The freight strike in Chile continues to negatively impact the produce industry, with no end date in sight. As of Monday, the government and the various truckers' unions have not reached an agreement.

According to Iván Marambio, president of the Chilean Fruit Exporters Association (ASOEX), growers are considering stopping the harvests because cold storage plants are completely full. This would mean at least 200,000 people could lose their jobs. 

Marambio told FreshFruitPortal.com that the situation is serious, since the ports of Valparaíso and San Antonio, together with the container depot, are obstructed and therefore cannot operate. 

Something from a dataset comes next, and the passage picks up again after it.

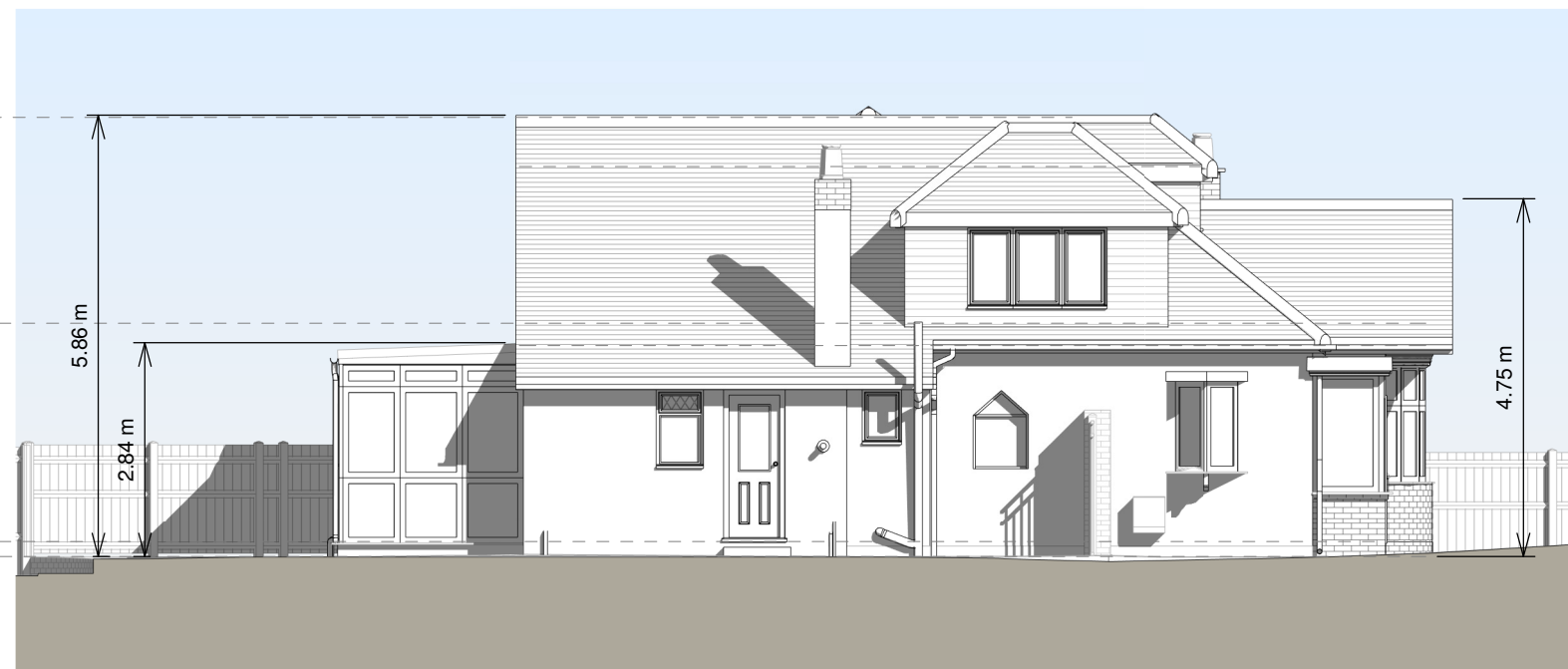
Left Side Elevation

"In the case of the cherry industry, harvests last a month. We are talking about exports for $2,000 and in terms of direct effects it reaches $500 million, without counting the people who live from this industry, which total between 200,000 and 300,000 thousand people.  Therefore, the overall loss for the industry per week is $500 million", says Marambio.

While the blockade continues, truckers from the Valparaíso Region have withdrawn from the strike, according to the executive. However, the situation remains dire.

The president of the National Federation of Fruit Producers (Fedefruta), Jorge Valenzuela, said that more than 8,000 containers are scheduled to be shipped this week. 

"There were already 1,700 containers that could not be loaded last week, 30 million kilos of cherries, which come from 2,500 hectares of mainly  small and medium producers," said Valenzuela.

Meanwhile, Juan Pablo Matte, general secretary of the National Society of Agriculture (SNA) stated that "the world of transportation has obvious relations with agriculture and the world of food, it is important to dialogue (...) We are at a critical moment of losing vegetables, fruits, markets and credibility at international level, in addition to losing the food security of our population".

ASOEX is working on concrete measures to bring fruit to the ports. They are promoting actions together with social organizations, exporters of all sizes, producers, farmers, operators and shipping lines and ports.